Antenna Modeling Design System

Antenna Modeling Design System (AMDS) - a 3-D dedicated design and modeling tool for antennas and antenna systems.

AMDS is the only 3D EM antenna design tool that addresses the challenges of fast changing wireless appliance design dictated by consumer aesthetic and feature appetite. Innovative uncompromising technology efficiently imports, meshes and simulates the entire wireless appliance within its surrounding real-word environment.

It enables you to pass regulatory and operator compliance such as Over-The-Air-performance and SAR (Specific Absorption Rate) and HAC (Hearing Aid Compatibility) before going into expensive physical testing.   » details

Growth is driven by consumers replacing existing devices with new ones that offer added functions and longer battery life in smaller stylish housings. Manufacturers are competing to offer these at lower prices by outsourcing and modular designs. However, this business model impacts R&D's ability to ensure consistent device quality and performance.

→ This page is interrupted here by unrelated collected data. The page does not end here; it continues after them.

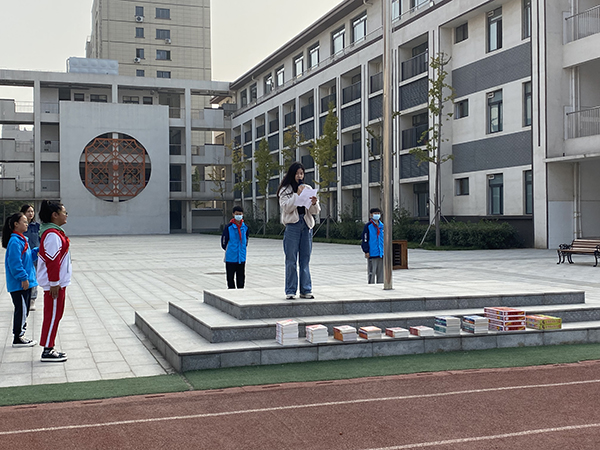 黃淮網 11月1日上午9點,徐州市星光小學榮盛城校區(qū)舉行了讀書漂流活動動員儀式!魯瑞亭老師在國旗下進行讀書漂流活動的動員工作,鼓動孩子們多讀書、讀好書,領略廣闊的天地,欣賞壯麗的山河,知文史經,品詩詞歌賦;回味古老的悠長,眺望未來的瑰麗!并倡議在本次的讀書月活動中,每天在班級內選兩名同學進行分享!
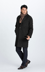 「RE:NEWOOL」は愛知県の尾州産地で作られ、天然のウールと同様に急激な暑さ寒さを緩和し、吸湿性があるため衣服内気候を調整します。原料調達、反毛、紡績、織布、整理など全ての工程を日本国内で行い、創業70周年記念企画にふさわしい品質にこだわった1着です。ジャストルーズなシルエットで、ビジネスからフォーマルなシーンでの着用に適したコートです。
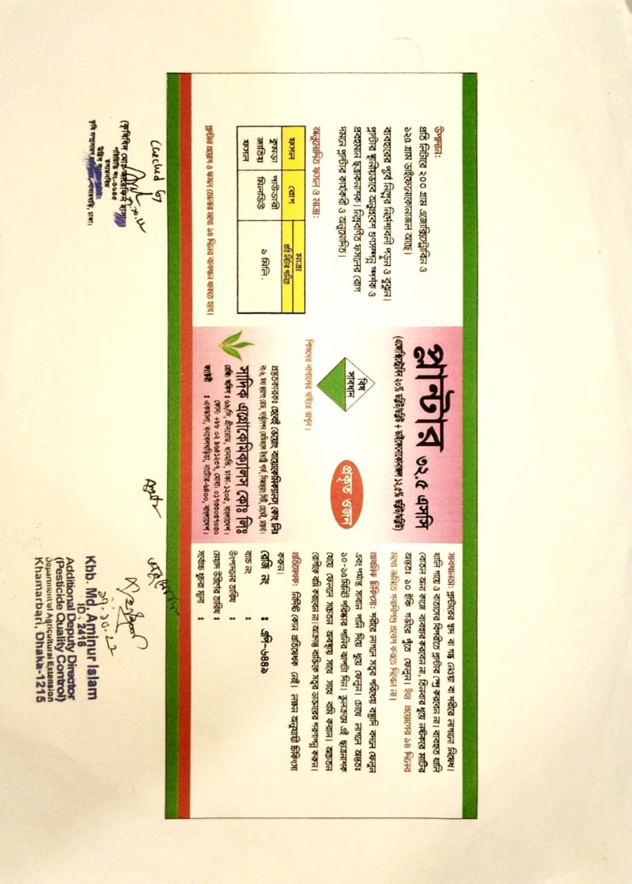প্রতি ১০ লিটার পানিতে ১০ মিলি মিশিয়ে ভাল্ভাবে স্প্রে করতে হবে ।
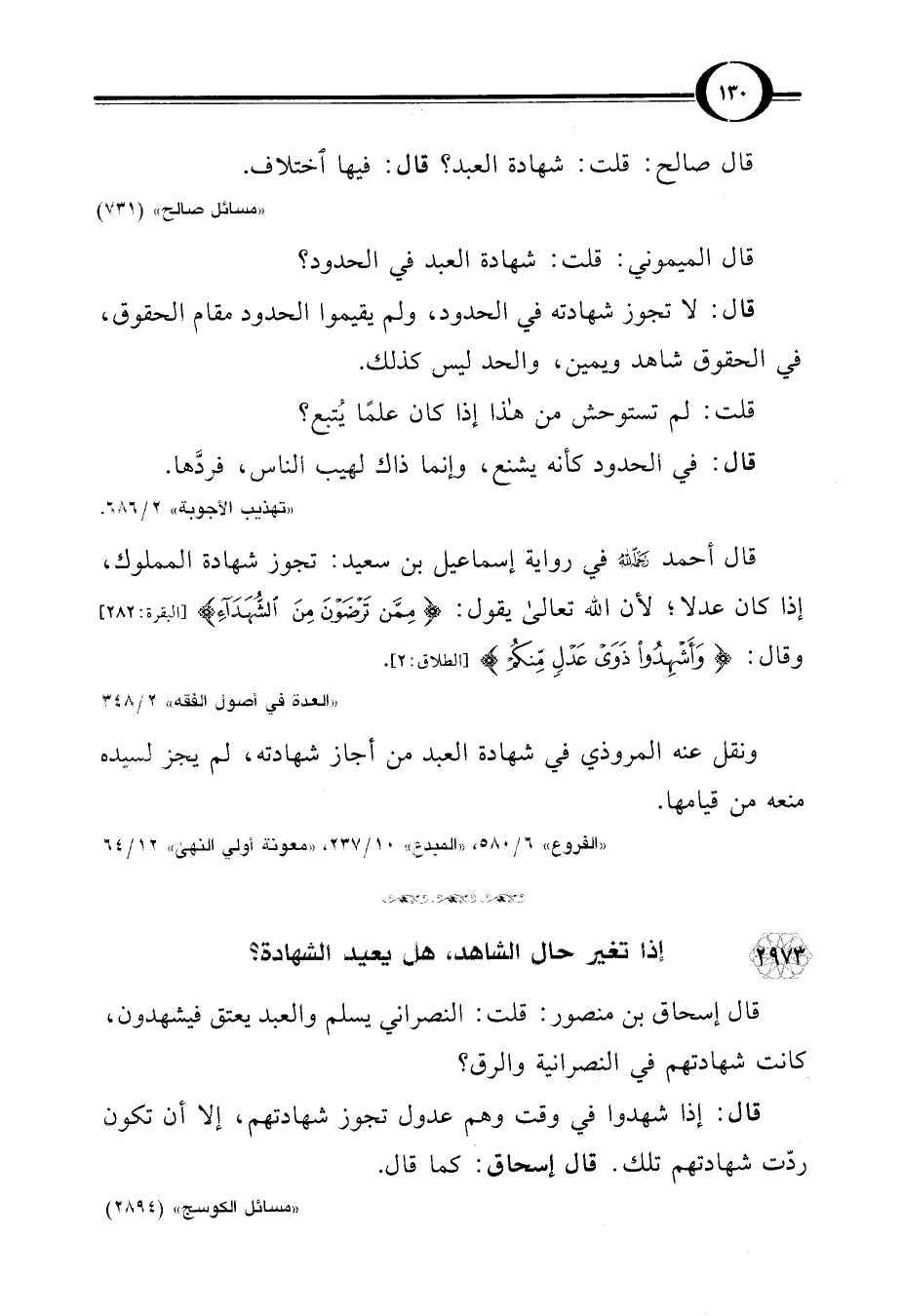 قال أحمد -رحمه اللَّه- في رواية إسماعيل بن سعيد: تجوز شهادة المملوك، إذا كان عدلا؛ لأن اللَّه تعالى يقول {مِمَّنْ تَرْضَوْنَ مِنَ الشُّهَدَاءِ} [البقرة: 282] وقال: {وَأَشْهِدُوا ذَوَيْ عَدْلٍ مِنْكُمْ} [الطلاق: 2].
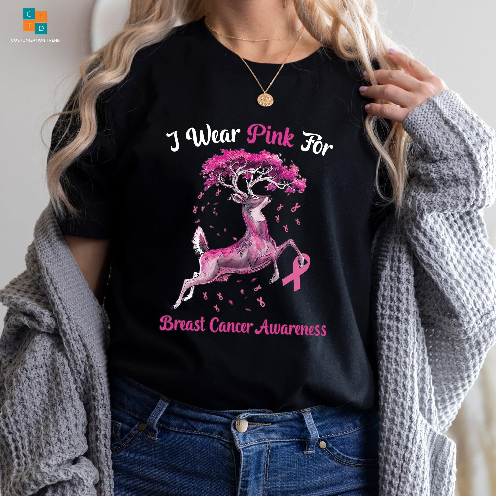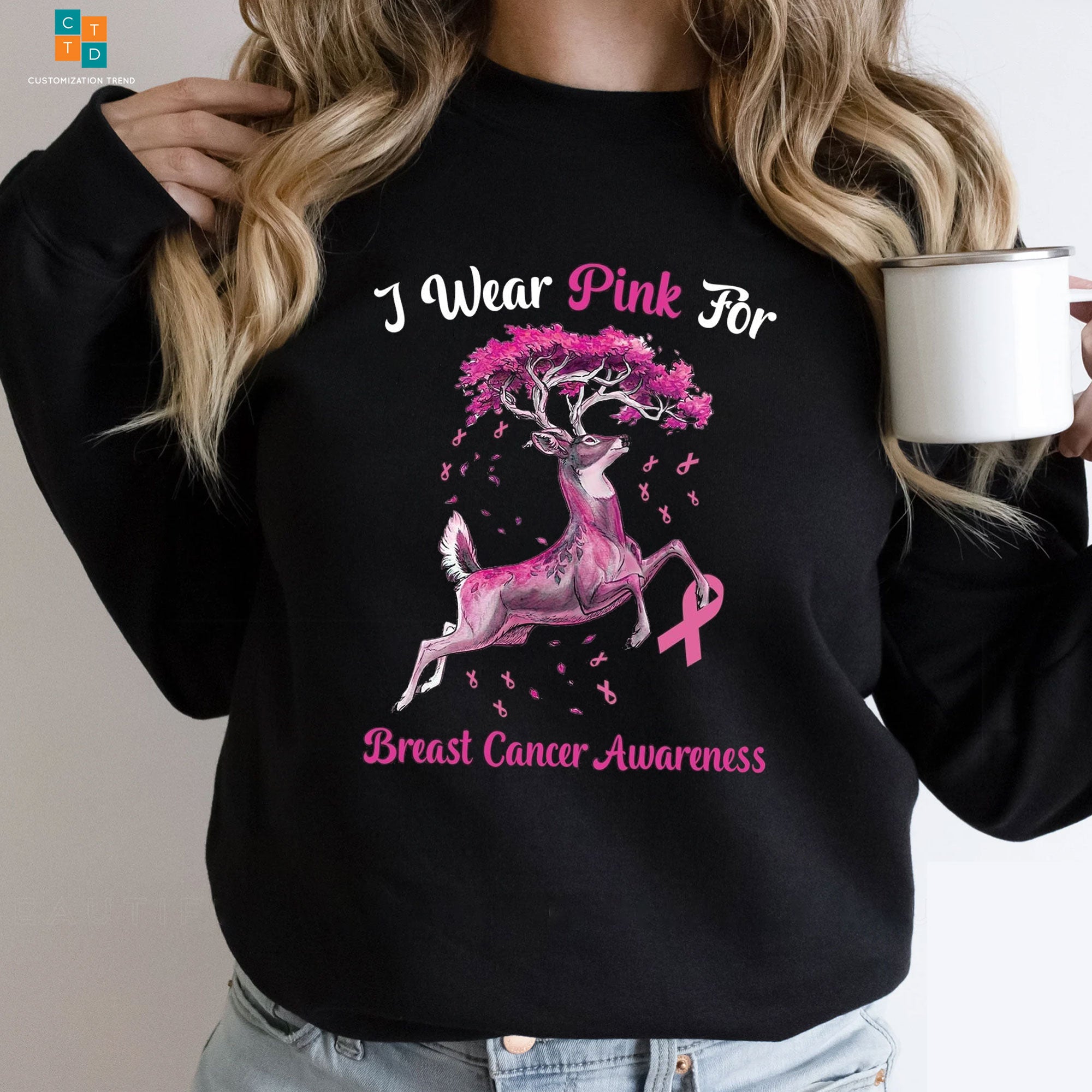 I Wear Pink For Deer Breast Cancer Awareness Hoodie, Shirt
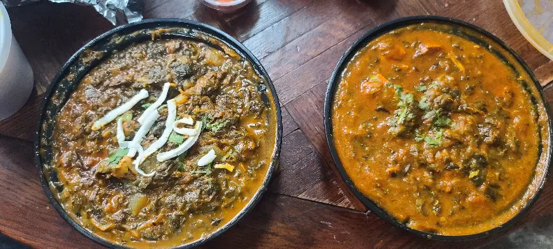 드디어 치킨 사그를 맛볼 차례. 부드러운 치킨과 신선한 시금치가 조화롭게 어우러진 치킨 사그는 입안 가득 깊은 풍미를 선사했습니다. 은은하게 퍼지는 향신료 향은 인도 음식 특유의 매력을 더했고, 밥과 함께 먹으니 든든함까지 느껴졌습니다. 특히, 갈릭 난에 치킨 사그를 듬뿍 올려 먹으니 그 맛은 더욱 환상적이었습니다. 바삭한 난의 식감과 부드러운 치킨 사그의 조화는 정말 훌륭했습니다.

Wireless appliance designs face the challenges of fitting multi-band antennas into small stylish housings to entice consumers and yet have to comply with regulatory, operator and end-user demands for radiation safety and performance quality.

AMDS is the only 3D-EM antenna design tool specifically developed to enable antenna and product industrial designers to overcome these challenges.

It cuts subsequent modeling and simulation setup by more than 70% compared to some of its competitors, making simulation the evident choice for the antenna designer.

It efficiently imports, meshes and simulates the entire wireless appliance including its surrounding real-world environment to analyze compliance standards such as SAR (Specific Absorption Rate), HAC (Hearing Aid Compatibility), and MIMO (Multiple-Input, Multiple Output) antenna diversity.

It cuts design cycle time and risks before going into slow and expensive physical testing.

The AMDS 3-D EM feature set includes:

• efficient importation of CAD data from product designers, reducing or eliminating EM design iterations;
• verification of antenna compliance with legal and operational standards such as SAR, HAC, Over-the-Air Performance and MIMO;
• optimization of MIMO performance by analyzing antenna placement and diversity for the entire physical wireless appliance; and
• optimization of device performance by simulating its real-world interaction with the human body.

AMDS enables you to simulate antenna structure and placement within the appliance in the presence of real world proximity effects of the human head and hand to determine parameters such as detuning and sensitivity. This translates to meeting both regulatory and end-user performance requirements before the bottleneck in prototype testing which delays time-to-market.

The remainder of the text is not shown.